THE RECORDS
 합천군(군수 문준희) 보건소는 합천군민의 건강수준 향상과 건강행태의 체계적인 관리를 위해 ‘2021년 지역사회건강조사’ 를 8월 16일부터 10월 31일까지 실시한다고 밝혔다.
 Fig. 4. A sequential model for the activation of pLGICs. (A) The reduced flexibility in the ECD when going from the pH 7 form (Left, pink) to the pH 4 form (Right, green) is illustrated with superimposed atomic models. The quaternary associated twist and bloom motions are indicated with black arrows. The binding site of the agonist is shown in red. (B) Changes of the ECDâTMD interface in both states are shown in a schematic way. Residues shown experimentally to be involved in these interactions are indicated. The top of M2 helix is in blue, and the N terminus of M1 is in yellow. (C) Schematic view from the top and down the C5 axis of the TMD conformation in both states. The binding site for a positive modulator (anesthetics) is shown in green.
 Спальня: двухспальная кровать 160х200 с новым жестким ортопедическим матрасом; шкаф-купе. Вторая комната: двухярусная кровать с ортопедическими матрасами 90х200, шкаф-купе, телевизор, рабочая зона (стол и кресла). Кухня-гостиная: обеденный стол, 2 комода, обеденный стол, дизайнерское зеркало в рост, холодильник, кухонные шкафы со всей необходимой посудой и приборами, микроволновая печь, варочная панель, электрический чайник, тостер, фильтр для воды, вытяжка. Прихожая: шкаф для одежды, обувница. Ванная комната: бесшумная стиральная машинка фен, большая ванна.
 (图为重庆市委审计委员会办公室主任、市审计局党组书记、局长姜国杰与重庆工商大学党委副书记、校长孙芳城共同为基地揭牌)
* * *
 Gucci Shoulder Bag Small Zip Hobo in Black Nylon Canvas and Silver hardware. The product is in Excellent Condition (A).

ASSIGNED TASK
Only the lines above from the one with "Fig. 4. A sequential" through the one with "(图为重庆市委审计委员会办公" should be duplicated, character for character.

EXPECTED ANSWER
 Fig. 4. A sequential model for the activation of pLGICs. (A) The reduced flexibility in the ECD when going from the pH 7 form (Left, pink) to the pH 4 form (Right, green) is illustrated with superimposed atomic models. The quaternary associated twist and bloom motions are indicated with black arrows. The binding site of the agonist is shown in red. (B) Changes of the ECDâTMD interface in both states are shown in a schematic way. Residues shown experimentally to be involved in these interactions are indicated. The top of M2 helix is in blue, and the N terminus of M1 is in yellow. (C) Schematic view from the top and down the C5 axis of the TMD conformation in both states. The binding site for a positive modulator (anesthetics) is shown in green.
 Спальня: двухспальная кровать 160х200 с новым жестким ортопедическим матрасом; шкаф-купе. Вторая комната: двухярусная кровать с ортопедическими матрасами 90х200, шкаф-купе, телевизор, рабочая зона (стол и кресла). Кухня-гостиная: обеденный стол, 2 комода, обеденный стол, дизайнерское зеркало в рост, холодильник, кухонные шкафы со всей необходимой посудой и приборами, микроволновая печь, варочная панель, электрический чайник, тостер, фильтр для воды, вытяжка. Прихожая: шкаф для одежды, обувница. Ванная комната: бесшумная стиральная машинка фен, большая ванна.
 (图为重庆市委审计委员会办公室主任、市审计局党组书记、局长姜国杰与重庆工商大学党委副书记、校长孙芳城共同为基地揭牌)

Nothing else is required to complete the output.